Objectives [¹⁸F]Fallypride exhibits an effective radiotracer for the study of dopamine D₂/D₃ receptor occupancy, neuropsychiatric disorders and aging in humans. However, automated labeling efficiency showed moderate radiochemical yields about 5-40% with relatively long incorporation time of fluorine-18, preceded high temperatures (150-165 °C) or involved the use of an unusual microwave system in automatic devices. In present study, we describe an automated radiochemical synthesis of [¹⁸F]fallypride in different base concentration and incorporation time of fluorine-18 for potentially utilizable in routine production sites.

Methods To minimization of base concentration of phase-transfer catalyst, [¹⁸F]fluoride was extracted with different concentrations of tetrabutylammonium bicarbonate (TBAHCO₃) or Kryptofix 2.2.2./K₂CO₃ in organic solvent such as CH₃CN/H₂O or MeOH/H₂O from ¹⁸O-enriched water trapped on the activated ion exchange cartridge (Chromafix® PS-HCO3). After azeotropic drying, the labeling reaction proceeded in CH₃CN at 100 °C for 10 or 30 min. The desired product, [¹⁸F]fallypride, was purified by reverse phase HPLC and collected solution was exchanged for 10% ethanol in saline using tC18 Sep-Pak for clinical research.

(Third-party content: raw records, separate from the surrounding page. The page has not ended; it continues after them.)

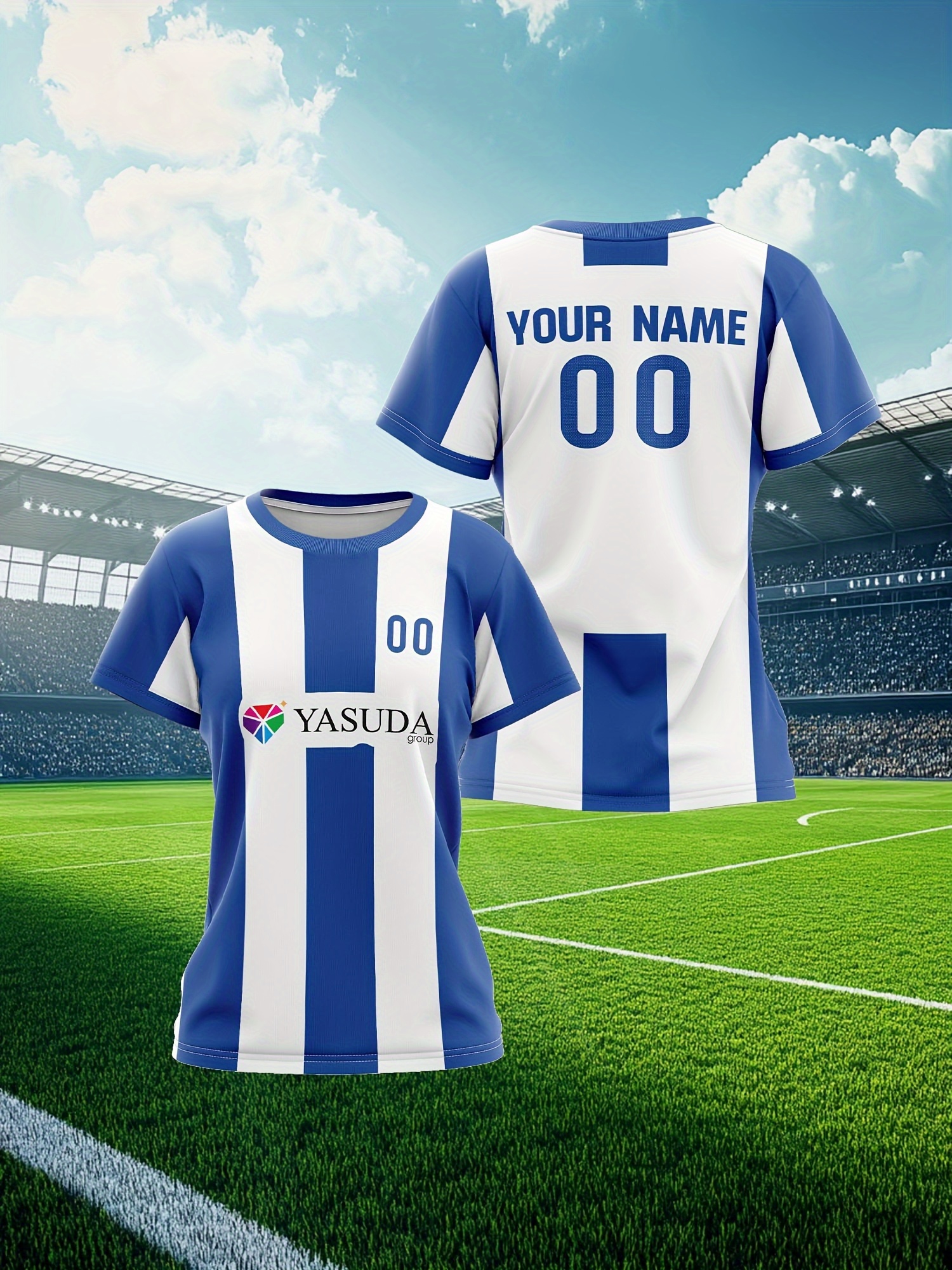 Customizable Women'S Soccer Jersey - Personalized Team & Number, Breathable Quick-Dry Athletic Shirt for Training, Fitness, and Casual Wear, Blue & White Striped Design with YASUDA Logo, Soccer Accessories, PLUS SIZE
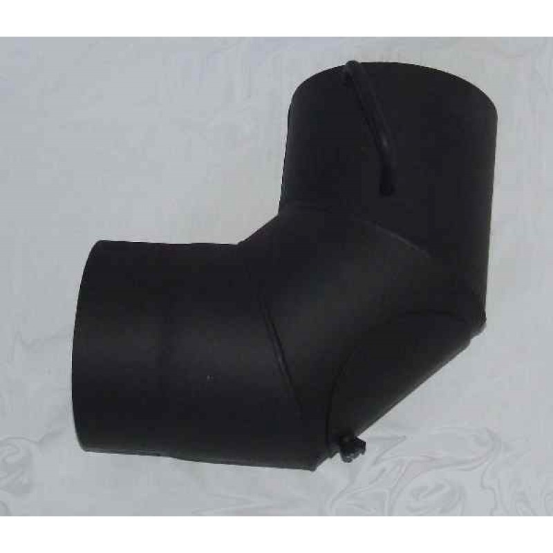 Koleno kouřovodu s čistícím otvorem a klapkou 150mm 90° (1,5) černáObrázky se mohou lišit od originálního produktu/položky.
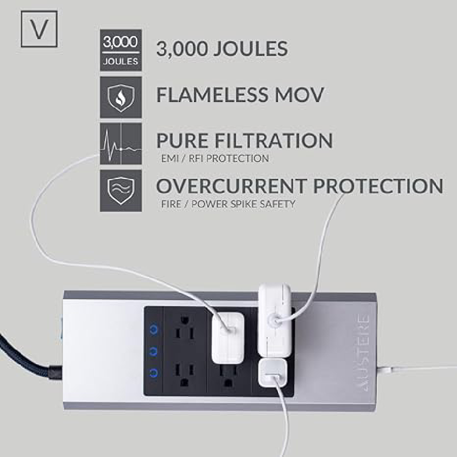 Austere employs flameless MOV circuits and thermal protected outlets, keeping you safe from a home electrical fire.
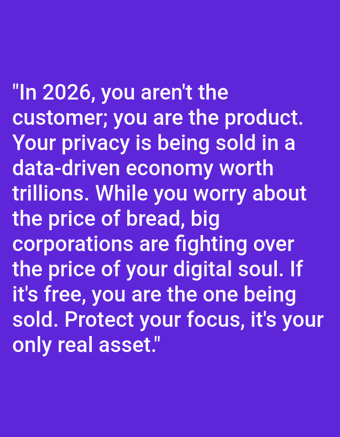 This digital image displays white text centrally aligned on a solid purple background. The text reads: "In 2026, you aren't the customer; you are the product. Your privacy is being sold in a data-driven economy worth trillions. While you worry about the price of bread, big corporations are fighting over the price of your digital soul. If it's free, you are the one being sold. Protect your focus, it's your only real asset." No people, physical subjects, objects, or actions are depicted. The image is a graphic; therefore, no physical location in the city of Unknown, Unknown is represented.

Results The radiochemical yield was increased according to decreasing amounts of base concentration. The labeling condition of [¹⁸F]fallypride was optimized that 2 mg of tosyl-fallypride in acetonitrile (1 mL) was heated at 100 °C for 10 min with 40% TBAHCO₃ (10 μL). [¹⁸F]Fallypride was obtained with high radiochemical yield about 68 ± 1.6% (decay-corrected, n = 8) within 51 ± 1.2 min including HPLC purification and solid-phase purification. The specific activity showed about 140-192 GBq/μmol.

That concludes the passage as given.